Woman typing on a laptop

Think you have what it takes to run a successful company? A team of Business Administration students in Professor Mario Pascucci’s Applied Business Planning class do. They recently ranked in the Global Top 100 of the Business Strategy Game (BSG), an online simulation exercise in which student teams compete against one another to manage an athletic footwear company in four global markets.  

The game challenges students to apply what they’ve learned in business school, including assessing risk, analyzing industry and competitive conditions, and making strategic decisions in a rapidly changing market.  

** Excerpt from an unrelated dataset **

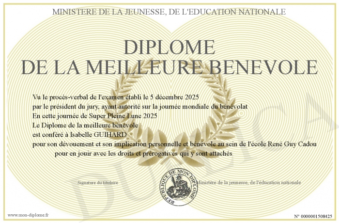 Envoyez par email votre Diplôme de la meilleure bénévole personalisé
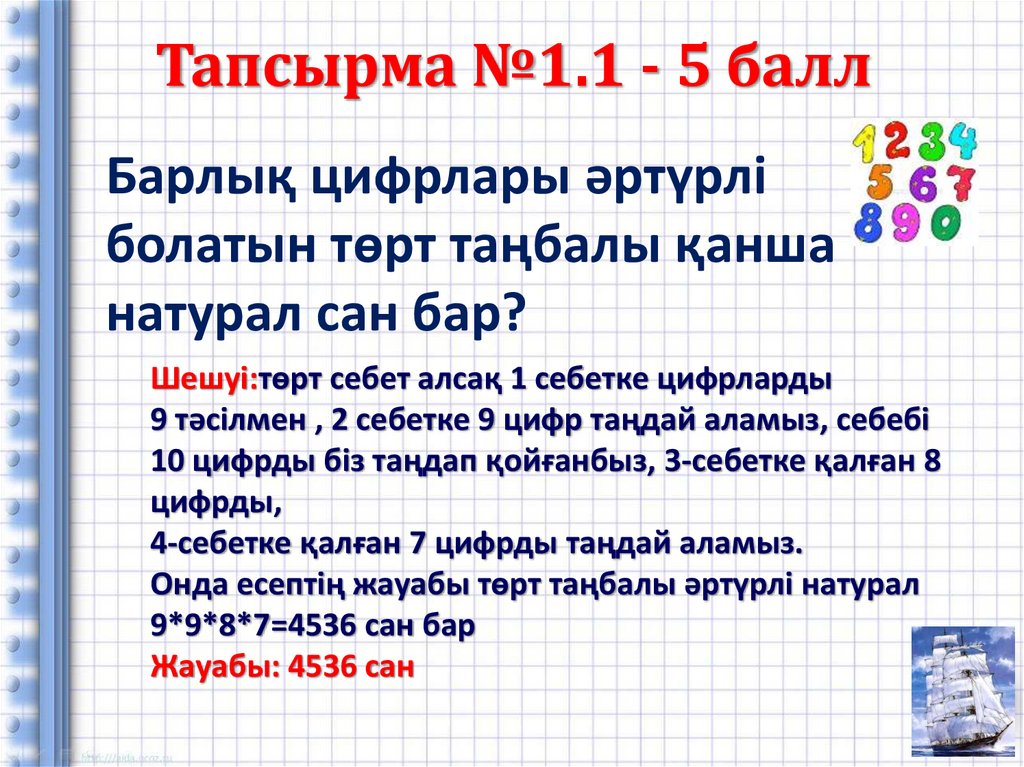 Онда есептің жауабы төрт таңбалы әртүрлі натурал

“Do they want to sell online, through regular retail or private label? Hire or fire a celebrity spokesperson? There are 180 different decisions they can make, and each one has ramifications,” says Pascucci. “It’s as close to running a business as you can get – except you don’t get fired if you make a mistake.” 

A class competition with international rankings 

Drawing on the theory they’ve learned in lectures, each team develops a 10-year plan for their company’s growth and then refines it as that virtual decade plays out. When the simulation is complete, teams are asked to prepare a case study and analysis of their company’s performance, and present it to the class. “Conversations at the end get quite animated,” says Pascucci.  

While students only compete directly with teams from their own school in the game, rankings are calculated among players in nearly 50 countries, from Hong Kong to the Netherlands. During the week of Nov. 16, George Brown’s “B Company” ranked 41st among 4,465 teams worldwide.  

The BSG is particularly well suited for remote learning, as students are able to participate from anywhere – and much like working in a real-life international company, they may have to collaborate with colleagues in other parts of the world and other time zones. 

Pascucci has been using the BSG in his classes for years, and he’s always impressed by his students’ performance and level of engagement. “Students go to sleep thinking about this game because that’s how exciting it is,” he says. “They just love the competition and strategy of it.”